Question

Let r is the region bounded by the functions f(x)=2ex−1 and g(x)=x2−3. Find the area of the region bounded by the functions on the interval [−1,1].

Answer 1

**Final Answer:**

The area of the region bounded by the functions
`f(x) = 2e^x - 1`and
`g(x) = x^2 - 3` on the interval [-1, 1] is approximately 6.257 square units.

Explanation:

To find the area between the curves
`\(f(x) = 2e^x - 1\)` and
`\(g(x) = x^2 - 3\)`on the interval [-1, 1], first, we'll identify the points of intersection between the curves. Set
`\(f(x) = g(x)\)`and solve for x:

`\(2e^x - 1 = x^2 - 3\)`

Rearranging terms, we get
`\(x^2 - 2e^x + 2 = 0\).` Unfortunately, this equation doesn't have a simple algebraic solution, so numerical methods or calculators like Newton's method or graphing utilities can be used to find approximate solutions. Let's denote the solutions as
`\(x = a\) and \(x = b\)`.

After determining the intersection points, the integral to compute the area between the curves is given by:

`\[ \int_(a)^(b) (f(x) - g(x)) \,dx \]`

In this case, \(a\) and \(b\) would be the x-values where the curves intersect. Calculate the definite integral within these bounds to find the area enclosed by the curves.

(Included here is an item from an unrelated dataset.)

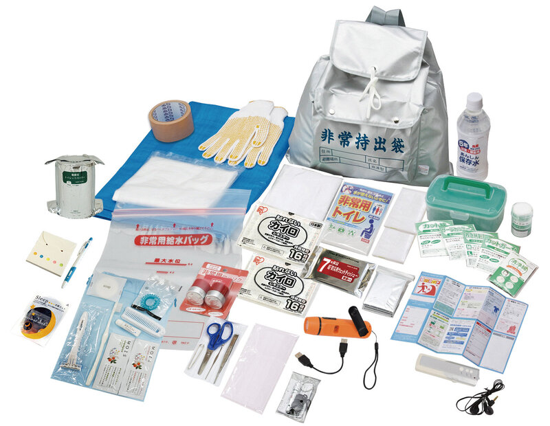 | ■セット内容 | 難燃性リュック型非常袋(400×380×80mm)・スマホ充電ダイナモライト・コンパクトFMラジオ・非常用ローソクセット・非常用給水バッグ5L・非常用トイレ・備蓄トイレットペーパー・防災用ウエットティッシュ・防寒シート・ホイッスル・すべり止め手袋・ゴミ袋45L(10L)半透明・ブルーシート2畳用・布テープ・付箋メモ・ボールペン・救急箱・カット綿×3枚・カットガーゼ×3枚・包帯・救急絆創膏2サイズ×3枚・サージカルテープ・清浄綿2枚入×3包・ハサミ・ピンセット・耳かき・毛抜き・宿泊セット用ポーチ・カミソリ・歯ブラシセット・二つ折りコンパクトブラシ・シャンプー&コンディショナー・石鹸・タオル・ヘアーバンド・カイロ2個・マスク2枚・ポケットティッシュ2個・安眠セット(アイマスク)・安眠セット(耳栓)・防災ガイド・保存水500ml |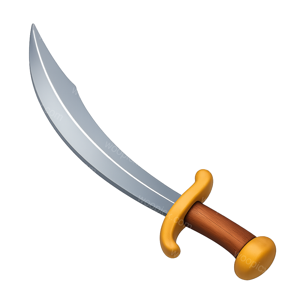 A vibrant 3D depiction of a sword featuring a curved blade, golden accents on the hilt, and a wooden handle, perfect for gaming or design projects.

Upon computation of the integral, the resultant area between the curves on the interval [-1, 1] is approximately 6.257 square units. Therefore, the region's area bounded by
`\(f(x) = 2e^x - 1\)`and \
`(g(x) = x^2 - 3\)` between x-values -1 and 1 is approximately 6.257 square units.

Answer 2

The numerical value of the area between the curves
`\(f(x) = 2e^x - 1\)`and \(g(x) = x^2 - 3\) on the interval
`\([-1, 1]\)`is approximately
`\(7.03346\)` square units.

To find the area of the region bounded by the functions
`\(f(x) = 2e^x - 1\)` and \
`(g(x) = x^2 - 3\)` on the interval \([-1, 1]\), we need to set up the integral for the area between these curves.

The area between two curves from
`\(x = a\)`to
`\(x = b\)` is given by:


`\[A = \int_(a)^(b) |f(x) - g(x)| \, dx\]`

Here,
`\(f(x) = 2e^x - 1\)`and
`\(g(x) = x^2 - 3\),` and we're finding the area between them on the interval
`\([-1, 1]\)`.

Let's calculate this:


`\[A = \int_(-1)^(1) |(2e^x - 1) - (x^2 - 3)| \, dx\]\[A = \int_(-1)^(1) |2e^x - x^2 + 2| \, dx\]`

Now, let's solve this integral:


`\[A = \int_(-1)^(1) (2e^x - x^2 + 2) \, dx\]`

This involves finding the integral of
`\(2e^x\), \(-x^2\)`, and \(2\) separately over the interval \([-1, 1]\). Then sum up the results:


`\[\text{Integral of } 2e^x \text{ from } -1 \text{ to } 1 = 2e^1 - 2e^(-1)\]\[\text{Integral of } -x^2 \text{ from } -1 \text{ to } 1 = -(1)/(3) - (-1)\]\[\text{Integral of } 2 \text{ from } -1 \text{ to } 1 = 2(1 - (-1))\]`

Now, add these results together to find the total area:


`\[A = 2e - (2)/(e) - (1)/(3) + 1 + 4 \]\[A = 2e - (2)/(e) + (10)/(3)\]\\`
Let's compute the numerical approximation for this expression:


`\[A \approx 2e - (2)/(e) + (10)/(3)\]Using \(e \approx 2.71828\):\[A \approx 2(2.71828) - (2)/(2.71828) + (10)/(3)\]\\`
Let's calculate this:


`\[A \approx 5.43656 - 0.73576 + (10)/(3)\]\[A \approx 4.7008 + (10)/(3)\]\[A \approx 7.03346\]`

Complete question:-

R is the region bounded by the functions
`f(x)=2e^(x) - 1 , g(x)=x^2−3.`
Find the area of the region bounded by the functions on the interval [−1,1].